Assignment ▸ Exercise in exact copying: restate word for word only the lines below from the one containing "Set de 10 brochas" through the one containing "MediaSuaraMabes, Jakarta –", omitting any pictures.
*** Opening of Records shown ***
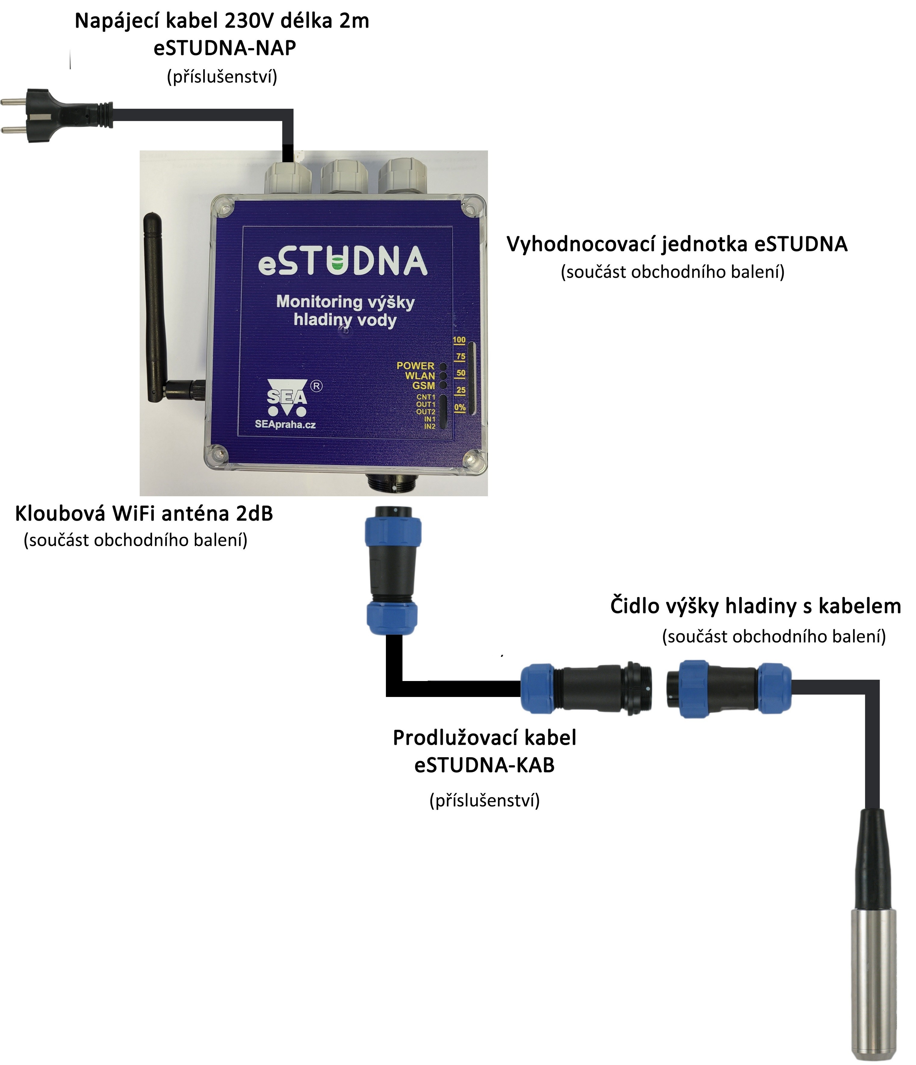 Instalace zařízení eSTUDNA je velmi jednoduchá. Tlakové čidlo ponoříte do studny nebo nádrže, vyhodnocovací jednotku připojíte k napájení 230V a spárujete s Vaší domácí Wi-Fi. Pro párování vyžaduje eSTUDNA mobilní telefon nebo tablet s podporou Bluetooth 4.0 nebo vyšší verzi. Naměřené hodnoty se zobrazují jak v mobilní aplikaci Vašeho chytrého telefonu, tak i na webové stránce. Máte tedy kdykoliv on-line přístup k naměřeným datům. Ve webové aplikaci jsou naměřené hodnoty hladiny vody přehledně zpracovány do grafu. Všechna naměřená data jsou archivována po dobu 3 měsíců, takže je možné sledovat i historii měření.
*** Close of Records shown ***
*** Opening of Records shown ***
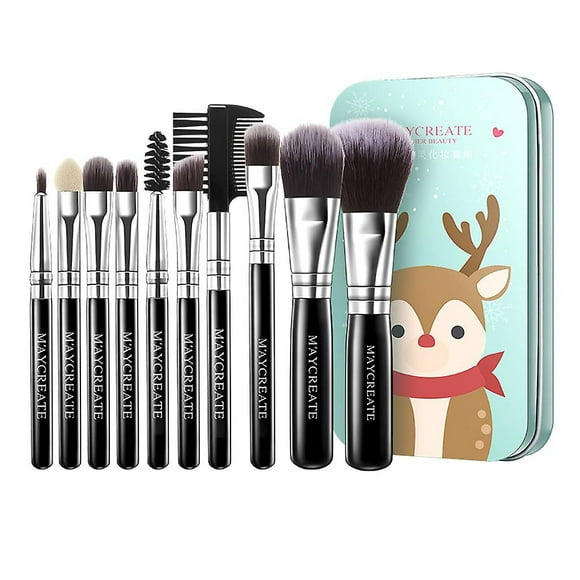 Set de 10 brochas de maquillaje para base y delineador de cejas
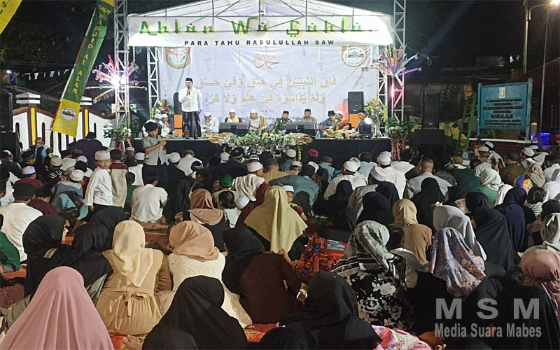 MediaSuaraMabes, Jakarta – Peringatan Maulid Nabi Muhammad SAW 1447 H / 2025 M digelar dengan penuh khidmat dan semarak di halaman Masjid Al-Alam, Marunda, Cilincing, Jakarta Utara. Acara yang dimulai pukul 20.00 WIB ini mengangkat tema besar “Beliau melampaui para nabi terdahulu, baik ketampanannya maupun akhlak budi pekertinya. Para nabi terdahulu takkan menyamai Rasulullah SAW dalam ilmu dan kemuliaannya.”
*** Close of Records shown ***
*** Opening of Records shown ***
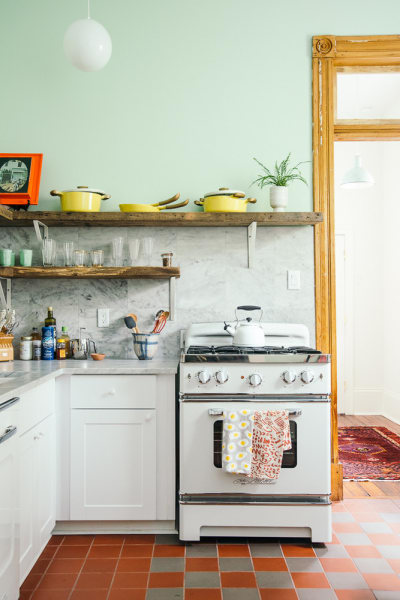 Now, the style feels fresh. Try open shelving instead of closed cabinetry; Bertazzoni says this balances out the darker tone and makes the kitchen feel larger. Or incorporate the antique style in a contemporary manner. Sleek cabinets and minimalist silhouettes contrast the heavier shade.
*** Close of Records shown ***
Written solution ▸
 Set de 10 brochas de maquillaje para base y delineador de cejas
 MediaSuaraMabes, Jakarta – Peringatan Maulid Nabi Muhammad SAW 1447 H / 2025 M digelar dengan penuh khidmat dan semarak di halaman Masjid Al-Alam, Marunda, Cilincing, Jakarta Utara. Acara yang dimulai pukul 20.00 WIB ini mengangkat tema besar “Beliau melampaui para nabi terdahulu, baik ketampanannya maupun akhlak budi pekertinya. Para nabi terdahulu takkan menyamai Rasulullah SAW dalam ilmu dan kemuliaannya.”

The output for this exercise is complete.